Sir Edward Johnson Wayne  (3 June 1902 – 19 August 1990) was an English physician, biochemist, thyroidologist, and professor of medicine.

Biography
Wayne attended Leeds Central High School from 1914 to 1920 and then matriculated at the University of Leeds, graduating there in 1923 BSc in chemistry and in 1924 MSc after working on organic chemistry. He then went to the University of Manchester to do research under Hugh Stanley Raper on the intermediary metabolism of the fatty acids. Wayne graduated there in 1925 with a PhD.

He took classes in anatomy and physiology during a postdoctoral year of research at Manchester and then returned in 1926 to Leeds to study medicine, graduating MB, ChB in 1929. From 1930 to 1931 he was a demonstrator in physiology at the University of Leeds.

From 1931 to 1934 Wayne worked as an assistant under the cardiologist Thomas Lewis in the department of clinical research at University College Hospital, London.

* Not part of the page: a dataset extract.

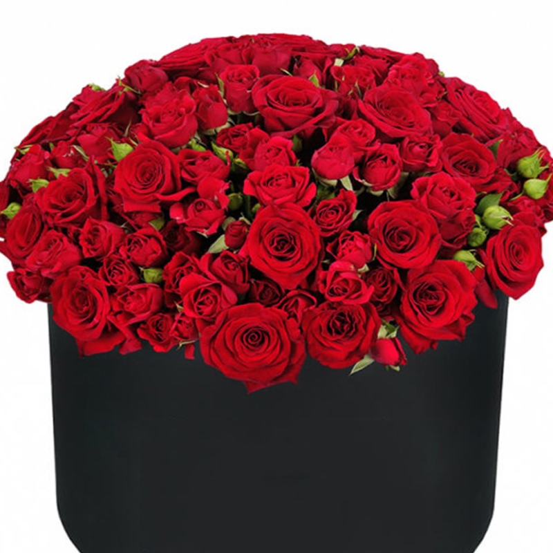 Букет состоит из 35 красных роз, 20 кустовых роз, коробка, оазис.

He qualified MRCP in 1932. From 1934 to 1953 he was Professor of Pharmacology and Therapeutics at the University of Sheffield, "establishing a reputation as a clinical scientist and as a talented director of research." He also became an associate physician to Sheffield Royal Infirmary. He was elected FRCP in 1937 and graduated MD in 1938. In 1953, as successor to Sir John William McNee, Wayne was appointed Regius Professor of the Practice of Medicine at Glasgow University. He held the professorship until his retirement as professor emeritus in 1967.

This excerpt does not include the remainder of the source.